The Mirror, Mirror Award: Dick Vitale

For those of you who aren’t Star Trek addicts, Mirror, Mirror was an episode in which Captain Kirk and a few fellow crewmen were transported into a parallel universe that looks an awful lot like ours except that the people are crazy. And not in a good way.

Perhaps it’s a bit unfair to place Vitale in with that crew. He seems benign enough. I’ve never heard him advocate gratuitous violence, for example, and he doesn’t seem to be crazed with power-lust. Still, when I’m watching him, I feel that if he belongs in this universe, then maybe I don’t.

Dickie V, as he’s affectionately known, is a former basketball coach turned talking-head. As football season fades away and roundball comes to dominate the American sports scene, Dickie becomes a fixture on ESPN. By March, he’s positively ubiquitous. The man is the Platonic form of the exuberant, narcissistic motor mouth. He never met hyperbole that he didn’t like. And while it’s one thing to hear him announce a game – he’ll exclaim “Awesome Baby” 15 times, and throw out almost as many references to “PTPs” (Prime Time Players) and “Diaper Dandies” (freshmen who don’t suck) -- what’s particularly surreal is listening to him do commentary about an event that transcends sports, such as when athletes become violent. Invariably, when I’m watching this guy run his lips I’m asking myself this question: Other than the fact that we both love moms, green grass, and blue skies, do we agree on anything?

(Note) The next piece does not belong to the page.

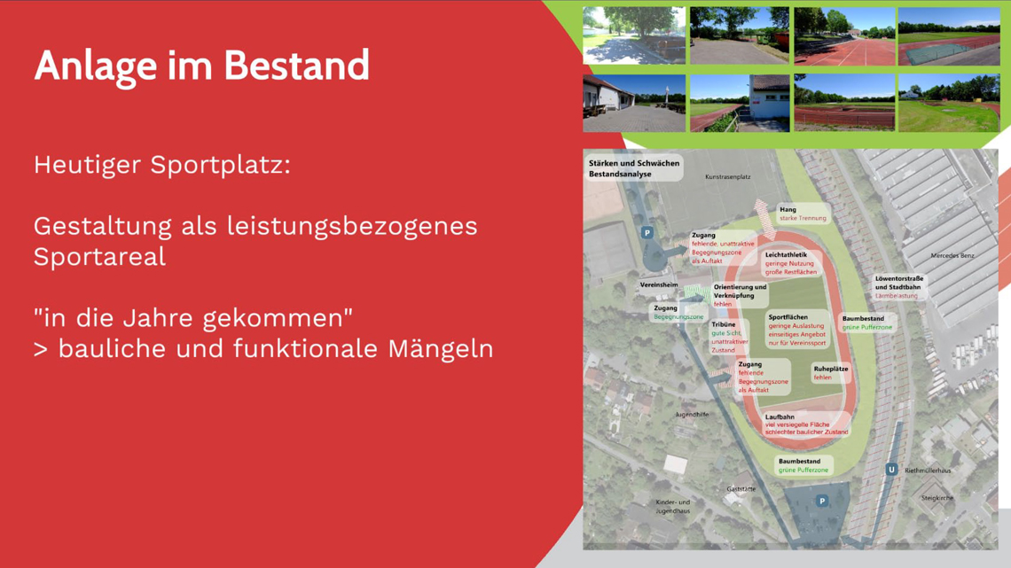 Das Sportstadion weist inzwischen jedoch sowohl funktionale, als auch bauliche Mängel auf, die durch eine einseitige Nutzbarkeit und Gestaltung begleitet werden.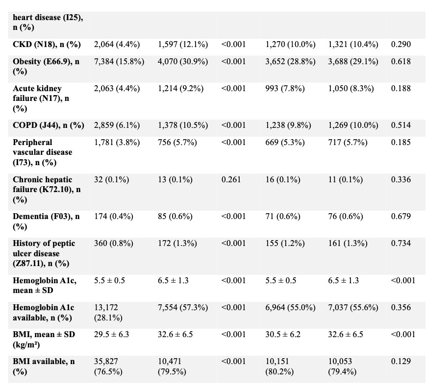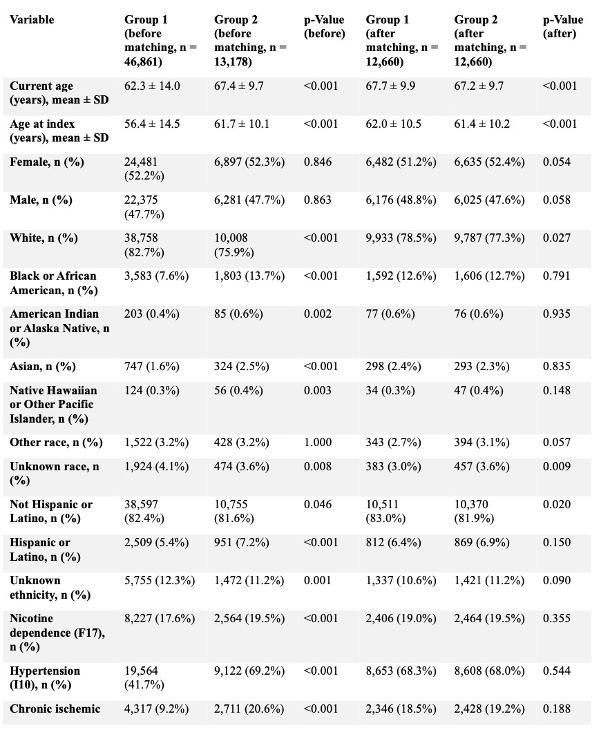 After propensity score matching, 12,660 patients were included in each cohort with no clinically meaningful differences in baseline characteristics (Tables 1, 4, and 5).

In Vitale’s universe, Bob Knight – the very same right-wing icon who once brandished soiled toilet paper to show his players what they played like – would be the drug czar. Heck, he might even be named President. In Vitale’s universe, we’d probably walk into shopping malls and listen to motivational speeches pumped over the loudspeaker. Whatever this dude is selling, clearly a lot of people are buying – I just don’t happen to be one of them. If I had to choose the bearded Mr. Spock from the parallel universe or the bald and beautiful (if you don’t believe it, just ask him) Dick Vitale from this universe … I’d take the bearded Vulcan any time.

Entertainer of the Year: Dave Matthews

This award is clear cut. Here’s a guy who’s under the age of 40 and I actually like his music. That’s right. I say those words and yet can’t believe I just said them. But it’s true. And for that, he deserves some recognition.

It’s always nice when someone reminds you that you still have a pulse.